Как известно, сторону обвинения на Соборе представлял далекий от существа конфликта и не знающий русского языка Паисий Лигарид, роль судей отводилась еще менее осведомленным в делах Русской церкви и нуждающимся в переводчиках грекам Паисию и Макарию, а русскому епископату, поставленному царем на колени еще в апреле, отводилась роль присяжных. Именно они и должны были в свете постановлений двух предыдущих Соборов вынести Никону обвинительный вердикт и сместить его с патриаршей кафедры.

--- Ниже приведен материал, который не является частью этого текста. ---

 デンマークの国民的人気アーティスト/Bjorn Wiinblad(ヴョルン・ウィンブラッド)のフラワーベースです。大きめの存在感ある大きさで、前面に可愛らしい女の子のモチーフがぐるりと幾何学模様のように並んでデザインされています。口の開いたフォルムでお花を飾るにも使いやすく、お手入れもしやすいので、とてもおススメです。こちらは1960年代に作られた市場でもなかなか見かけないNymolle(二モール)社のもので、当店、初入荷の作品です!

Более двух недель греки и русский епископат занимались тщательным изучением и разбором затянувшегося на восемь долгих лет дела патриарха Никона. В конце концов, обобщив весь собранный на Никона компромат и признав его виновным во многих бедах - и в добровольном оставлении престола, и в самочинном присвоении титула «великий государь», и в гордыни, которая, главным образом, нашла свое выражение в возвеличивании власти Церкви над Царством, Собор лишил Никона   епископского сана.
И это в то время, когда ни царь Алексей Михайлович, ни патриарх Никон на заседании не присутствовали. Но если первый не явился на Собор по доброй воле, давая понять окружающим, что ни светская власть, ни царь к решению церковного суда не причастны, то Никона в зал заседания не допустили намеренно, приказав ему ожидать постановления Собора в передней.

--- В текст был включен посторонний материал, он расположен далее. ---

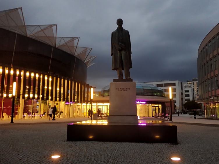 Zastihl jsem popeláře... Petka proti světlu... Drátěný pes před zlínskou filharmonií... Ve výtvarce skládání velkého obrazu z pláten jednotlivých studentů... Paleta z igelitu za čtyři koruny - nekupte to :)... Iva a Marta... Černý pták na schodišti... A černá socha Masaryka před zářící falhormonií...

Впрочем, хоть заседание Собора и было тщательно отрепетировано, но в день премьеры оно дало сбой! И в тот самый момент, когда Лигарид, зачитав вердикт церковного суда, призвал Собор к голосованию, произошло невероятное. Защищая в лице Никона авторитет Русской церкви, преобладающее большинство священников, обвиняя греков в предвзятости, выступили против низложения патриарха. Жаль только, что твердости духа священству хватило ненадолго и, когда в ходе жарких дебатов до русского епископата дошло наконец, что греки смещают Никона с кафедры в угоду царю, то духовники пораженчески сникли и единодушно поддержали вынесенное в отношении Никона определение.
Не возникло возражений со стороны участников Собора и тогда, когда Лигарид зачитал   решение суда относительно дальнейшей судьбы низложенного патриарха, местом ссылки которому определили Ферапонтов монастырь, расположенный в районе Белоозера.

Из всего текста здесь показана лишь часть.